**WHAT IS REQUIRED**: Once the pictures are set aside, transcribe each line of the data exactly.

::: DATA FOR THE TASK :::

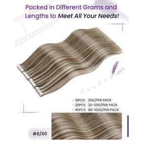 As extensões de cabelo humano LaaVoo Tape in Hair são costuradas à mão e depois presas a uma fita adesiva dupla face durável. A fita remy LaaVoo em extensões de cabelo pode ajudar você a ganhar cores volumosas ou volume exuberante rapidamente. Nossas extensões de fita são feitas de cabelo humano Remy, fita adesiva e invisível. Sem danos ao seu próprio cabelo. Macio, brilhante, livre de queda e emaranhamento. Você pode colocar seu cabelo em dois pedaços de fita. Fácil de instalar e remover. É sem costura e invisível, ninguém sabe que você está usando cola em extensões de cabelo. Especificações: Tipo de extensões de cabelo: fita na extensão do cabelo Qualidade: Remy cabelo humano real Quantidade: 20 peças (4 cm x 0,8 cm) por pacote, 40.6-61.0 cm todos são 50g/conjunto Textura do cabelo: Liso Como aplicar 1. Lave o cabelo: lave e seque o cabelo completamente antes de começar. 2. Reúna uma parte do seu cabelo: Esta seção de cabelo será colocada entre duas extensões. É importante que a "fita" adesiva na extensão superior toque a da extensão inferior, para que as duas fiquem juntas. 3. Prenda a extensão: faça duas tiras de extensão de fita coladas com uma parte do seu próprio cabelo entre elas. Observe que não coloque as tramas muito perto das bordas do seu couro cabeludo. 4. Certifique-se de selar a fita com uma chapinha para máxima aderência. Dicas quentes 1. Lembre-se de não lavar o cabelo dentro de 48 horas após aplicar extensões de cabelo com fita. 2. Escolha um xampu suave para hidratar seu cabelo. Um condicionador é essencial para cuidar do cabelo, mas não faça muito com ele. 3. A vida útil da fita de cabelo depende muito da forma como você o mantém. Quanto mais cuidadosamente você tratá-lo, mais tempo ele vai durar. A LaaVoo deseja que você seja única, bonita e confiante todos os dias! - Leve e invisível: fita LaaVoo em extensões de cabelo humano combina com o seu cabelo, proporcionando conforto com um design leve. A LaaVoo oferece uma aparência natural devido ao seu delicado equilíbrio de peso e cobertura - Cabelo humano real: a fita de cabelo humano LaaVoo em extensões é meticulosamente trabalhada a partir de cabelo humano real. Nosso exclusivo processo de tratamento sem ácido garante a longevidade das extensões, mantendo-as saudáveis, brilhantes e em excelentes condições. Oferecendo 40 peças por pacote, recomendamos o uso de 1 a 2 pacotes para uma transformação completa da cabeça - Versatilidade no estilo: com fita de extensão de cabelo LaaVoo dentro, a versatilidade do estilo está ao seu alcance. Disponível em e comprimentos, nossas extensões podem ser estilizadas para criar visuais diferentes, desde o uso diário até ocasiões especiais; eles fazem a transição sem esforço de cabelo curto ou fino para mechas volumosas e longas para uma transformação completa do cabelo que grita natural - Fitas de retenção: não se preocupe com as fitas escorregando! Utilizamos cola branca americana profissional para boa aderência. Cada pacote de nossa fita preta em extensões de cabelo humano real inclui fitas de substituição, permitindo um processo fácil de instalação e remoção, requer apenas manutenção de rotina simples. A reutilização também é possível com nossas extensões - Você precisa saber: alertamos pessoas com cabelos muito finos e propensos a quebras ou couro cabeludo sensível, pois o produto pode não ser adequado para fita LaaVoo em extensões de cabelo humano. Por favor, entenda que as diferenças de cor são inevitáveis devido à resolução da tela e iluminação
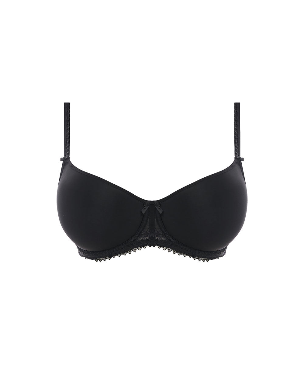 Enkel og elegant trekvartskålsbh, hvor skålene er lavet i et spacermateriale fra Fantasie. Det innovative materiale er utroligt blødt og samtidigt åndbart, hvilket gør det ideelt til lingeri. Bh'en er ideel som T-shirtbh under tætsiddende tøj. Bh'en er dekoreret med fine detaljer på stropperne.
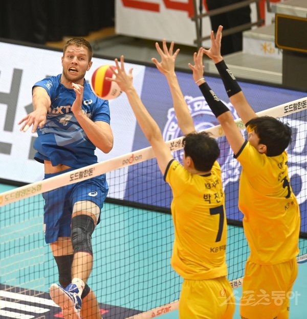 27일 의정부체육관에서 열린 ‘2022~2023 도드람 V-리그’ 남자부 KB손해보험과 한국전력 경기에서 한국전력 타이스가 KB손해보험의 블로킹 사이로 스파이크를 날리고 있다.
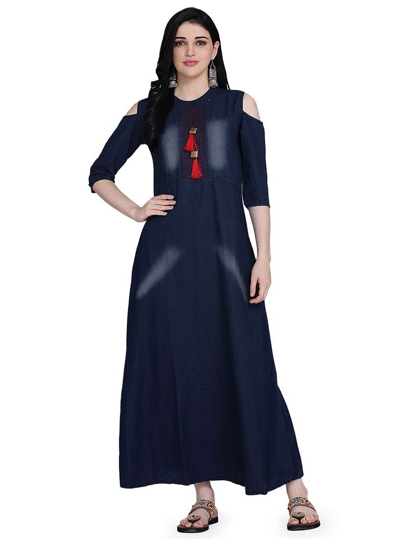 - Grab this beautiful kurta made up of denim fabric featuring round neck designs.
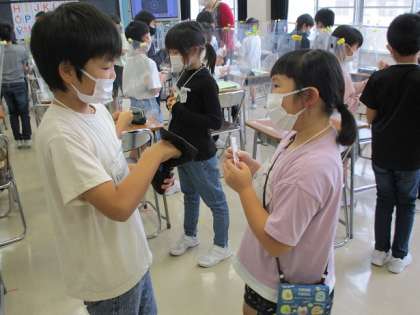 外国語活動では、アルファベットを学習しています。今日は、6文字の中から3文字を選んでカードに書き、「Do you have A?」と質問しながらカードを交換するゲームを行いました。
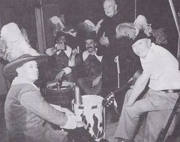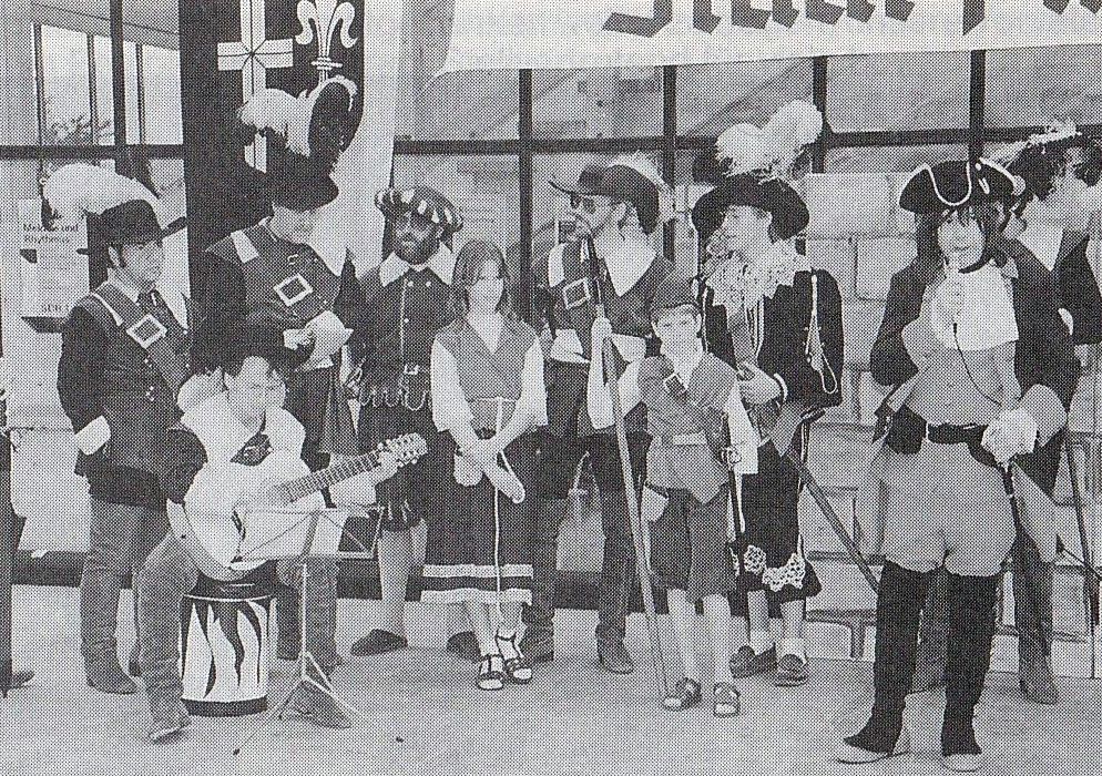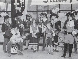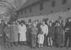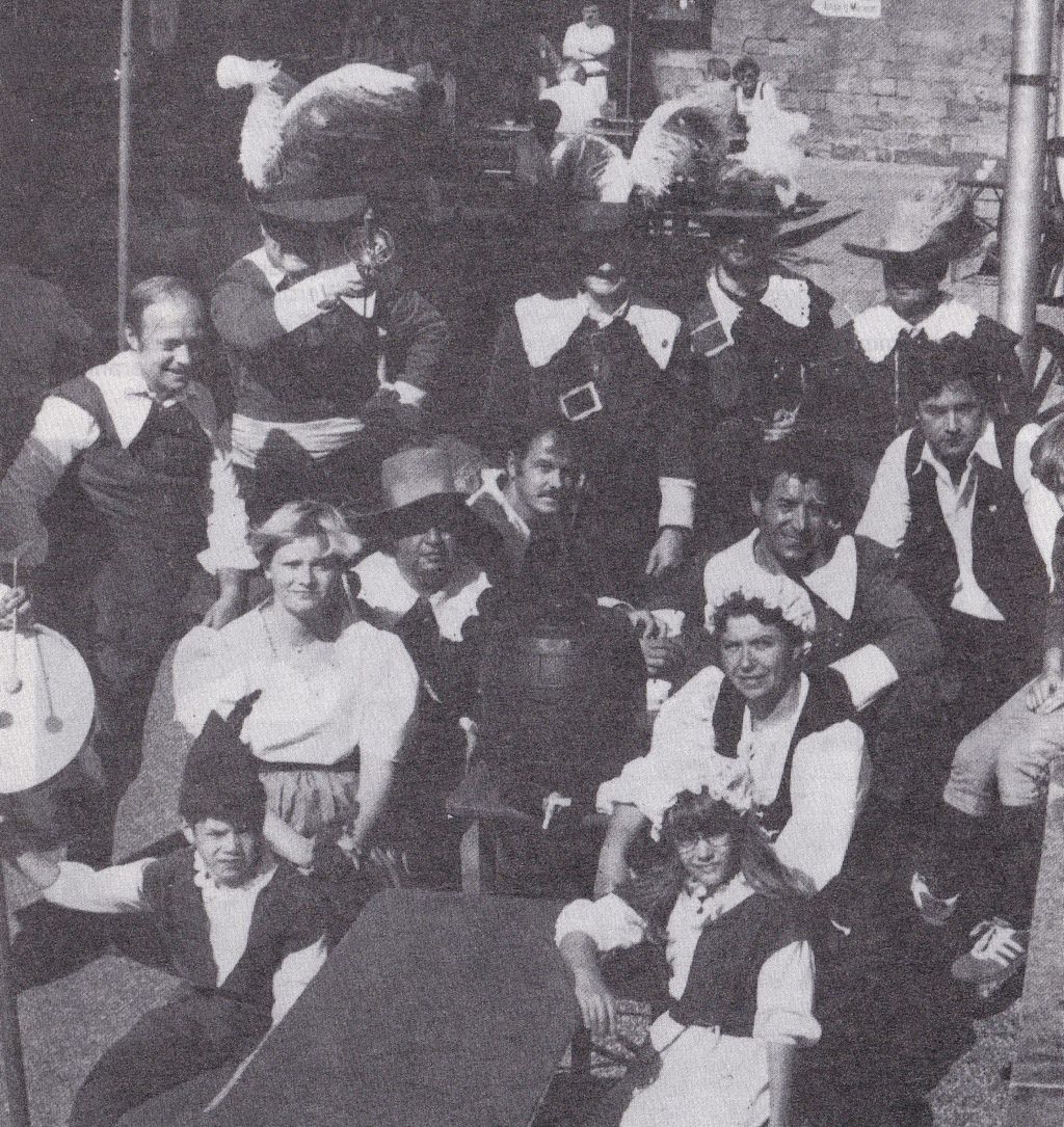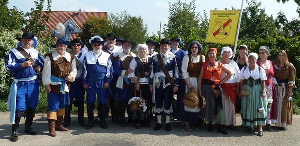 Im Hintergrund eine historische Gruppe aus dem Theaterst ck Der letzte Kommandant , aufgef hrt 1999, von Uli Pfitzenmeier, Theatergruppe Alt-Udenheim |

:::

**YOUR RESPONSE**:
 As extensões de cabelo humano LaaVoo Tape in Hair são costuradas à mão e depois presas a uma fita adesiva dupla face durável. A fita remy LaaVoo em extensões de cabelo pode ajudar você a ganhar cores volumosas ou volume exuberante rapidamente. Nossas extensões de fita são feitas de cabelo humano Remy, fita adesiva e invisível. Sem danos ao seu próprio cabelo. Macio, brilhante, livre de queda e emaranhamento. Você pode colocar seu cabelo em dois pedaços de fita. Fácil de instalar e remover. É sem costura e invisível, ninguém sabe que você está usando cola em extensões de cabelo. Especificações: Tipo de extensões de cabelo: fita na extensão do cabelo Qualidade: Remy cabelo humano real Quantidade: 20 peças (4 cm x 0,8 cm) por pacote, 40.6-61.0 cm todos são 50g/conjunto Textura do cabelo: Liso Como aplicar 1. Lave o cabelo: lave e seque o cabelo completamente antes de começar. 2. Reúna uma parte do seu cabelo: Esta seção de cabelo será colocada entre duas extensões. É importante que a "fita" adesiva na extensão superior toque a da extensão inferior, para que as duas fiquem juntas. 3. Prenda a extensão: faça duas tiras de extensão de fita coladas com uma parte do seu próprio cabelo entre elas. Observe que não coloque as tramas muito perto das bordas do seu couro cabeludo. 4. Certifique-se de selar a fita com uma chapinha para máxima aderência. Dicas quentes 1. Lembre-se de não lavar o cabelo dentro de 48 horas após aplicar extensões de cabelo com fita. 2. Escolha um xampu suave para hidratar seu cabelo. Um condicionador é essencial para cuidar do cabelo, mas não faça muito com ele. 3. A vida útil da fita de cabelo depende muito da forma como você o mantém. Quanto mais cuidadosamente você tratá-lo, mais tempo ele vai durar. A LaaVoo deseja que você seja única, bonita e confiante todos os dias! - Leve e invisível: fita LaaVoo em extensões de cabelo humano combina com o seu cabelo, proporcionando conforto com um design leve. A LaaVoo oferece uma aparência natural devido ao seu delicado equilíbrio de peso e cobertura - Cabelo humano real: a fita de cabelo humano LaaVoo em extensões é meticulosamente trabalhada a partir de cabelo humano real. Nosso exclusivo processo de tratamento sem ácido garante a longevidade das extensões, mantendo-as saudáveis, brilhantes e em excelentes condições. Oferecendo 40 peças por pacote, recomendamos o uso de 1 a 2 pacotes para uma transformação completa da cabeça - Versatilidade no estilo: com fita de extensão de cabelo LaaVoo dentro, a versatilidade do estilo está ao seu alcance. Disponível em e comprimentos, nossas extensões podem ser estilizadas para criar visuais diferentes, desde o uso diário até ocasiões especiais; eles fazem a transição sem esforço de cabelo curto ou fino para mechas volumosas e longas para uma transformação completa do cabelo que grita natural - Fitas de retenção: não se preocupe com as fitas escorregando! Utilizamos cola branca americana profissional para boa aderência. Cada pacote de nossa fita preta em extensões de cabelo humano real inclui fitas de substituição, permitindo um processo fácil de instalação e remoção, requer apenas manutenção de rotina simples. A reutilização também é possível com nossas extensões - Você precisa saber: alertamos pessoas com cabelos muito finos e propensos a quebras ou couro cabeludo sensível, pois o produto pode não ser adequado para fita LaaVoo em extensões de cabelo humano. Por favor, entenda que as diferenças de cor são inevitáveis devido à resolução da tela e iluminação
 Enkel og elegant trekvartskålsbh, hvor skålene er lavet i et spacermateriale fra Fantasie. Det innovative materiale er utroligt blødt og samtidigt åndbart, hvilket gør det ideelt til lingeri. Bh'en er ideel som T-shirtbh under tætsiddende tøj. Bh'en er dekoreret med fine detaljer på stropperne.
 27일 의정부체육관에서 열린 ‘2022~2023 도드람 V-리그’ 남자부 KB손해보험과 한국전력 경기에서 한국전력 타이스가 KB손해보험의 블로킹 사이로 스파이크를 날리고 있다.
 - Grab this beautiful kurta made up of denim fabric featuring round neck designs.
 外国語活動では、アルファベットを学習しています。今日は、6文字の中から3文字を選んでカードに書き、「Do you have A?」と質問しながらカードを交換するゲームを行いました。
 Im Hintergrund eine historische Gruppe aus dem Theaterst ck Der letzte Kommandant , aufgef hrt 1999, von Uli Pfitzenmeier, Theatergruppe Alt-Udenheim |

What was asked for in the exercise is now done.